Contributions to Cassini are incredibly welcome. This includes reporting bugs, making suggestions all the way to implementing whole new features.

The issues section is the best place to start, this is where to submit bug reports and discuss new feature ideas.

If you find something you'd really like to contribute, but don't know how, don't hesitate to ask of help or suggestions on how best to approach problems.

At the moment a few priorities for the project are:

  1. Discussing new feature ideas - The project is young and its not clear who will use it and for what. If you wish it did xyz, start a discussion - there's a good chance others would like that feature too.

  2. Implementing new features - There is no shortage of new features in the issues section but someone needs to write the code!

No need to ask for permission to get started... just fork the repo, have a go at making some improvements and submit a pull request once you are happy for someone to take a look at it.

We run some CI tools to help streamline things. This includes running the test suite, linting, checking formatting and checking test coverage.

As test coverage is a big issue at the moment, please make sure your PR increases the test coverage!

Codebase Orientation

Cassini is currently split into two packages:

  1. Cassini - This provides the Python side code, including defining the structure of projects and providing a few magic methods.
  2. jupyter_cassini - This provides a UI for the Python side via a JupyterLab extension. This package also includes a JupyterLab server extension that serves up data from a cassini project allowing it to be used by the UI.

Both packages use semantic versioning. The plan is to maybe keep both packages separate and to have the rule that compatible versions of cassini and the UI will have matching MAJOR versions. So both will be bumped in sync.

Why is it split into two? At some point in the future it may be possible to port the cassini codebase into other languages within the Jupyter remit e.g. Julia. By separating the UI code from the client-side code, it should be possible to make the UI universally compatible with any language.

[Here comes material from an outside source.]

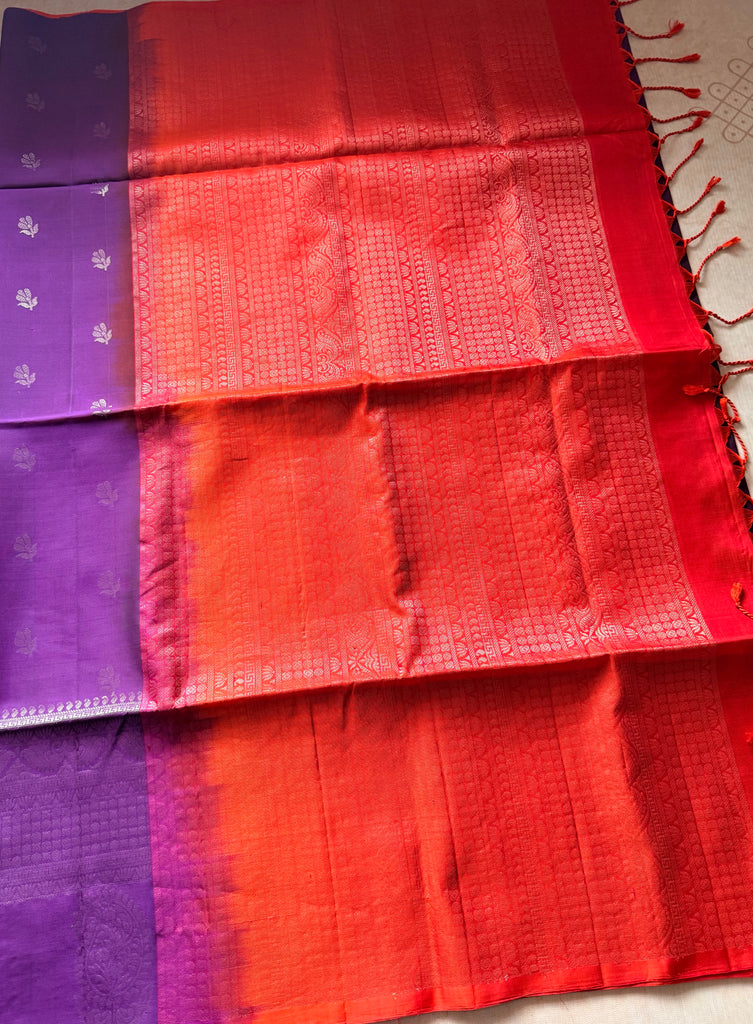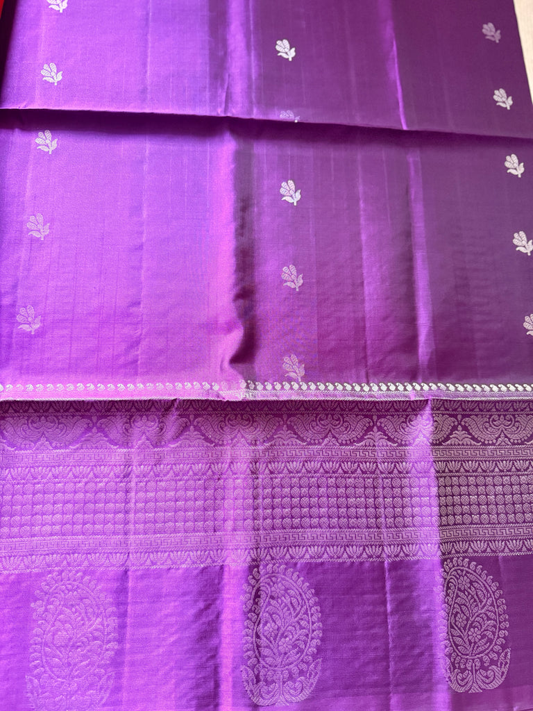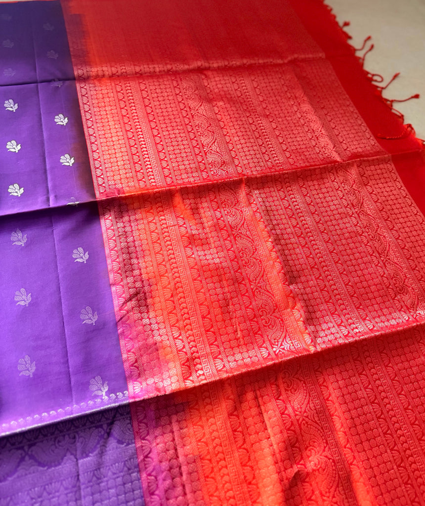 Enhance your wardrobe with the stunning Saarah Soft Silk Kanchipuram saree. Adorned with delicate silver zari floral motifs, this saree boasts a traditional mango motif border and intricate zari detailing on the contrasting red pallu. Complete with a plain blouse, pair it with our hand-embroidered gota patti blouse for a elevated look. Expertly crafted for a timeless, elegant appeal.

GitHub Repos/ Release Cycle

It's not worth worrying about getting these bits right, if you have a new feature or fix, just submit the PR and we can work around any versioning issues

We have a branch for each minor version e.g. 0.1.x and 0.2.x, the head of which should always be the latest patch of that minor release.

For development, we specify the whole planned version number, but add -pre for pre-release e.g. 0.2.4-pre.

We then create branches for implementing specific features, and submit PRs into those pre-release branches as progress is made.

If necessary, we publish a pre-release version, but within pyproject.toml will have to use the poetry spec:

https://python-poetry.org/docs/cli/#version

e.g. the version would be something like 0.2.4a0 for the first pre-release.

Once we are happy with the pre-release, it can be merged (via PR) into the appropriate minor version branch and the pre-release branch can be deleted.

Then we can publish the new minor version using the create-release feature.

To publish a release or pre-release we use the publish feature in GitHub.

We create a new tag for that version, prepending with "v" e.g. v1.2.3, the tag should be on the branch, not on main.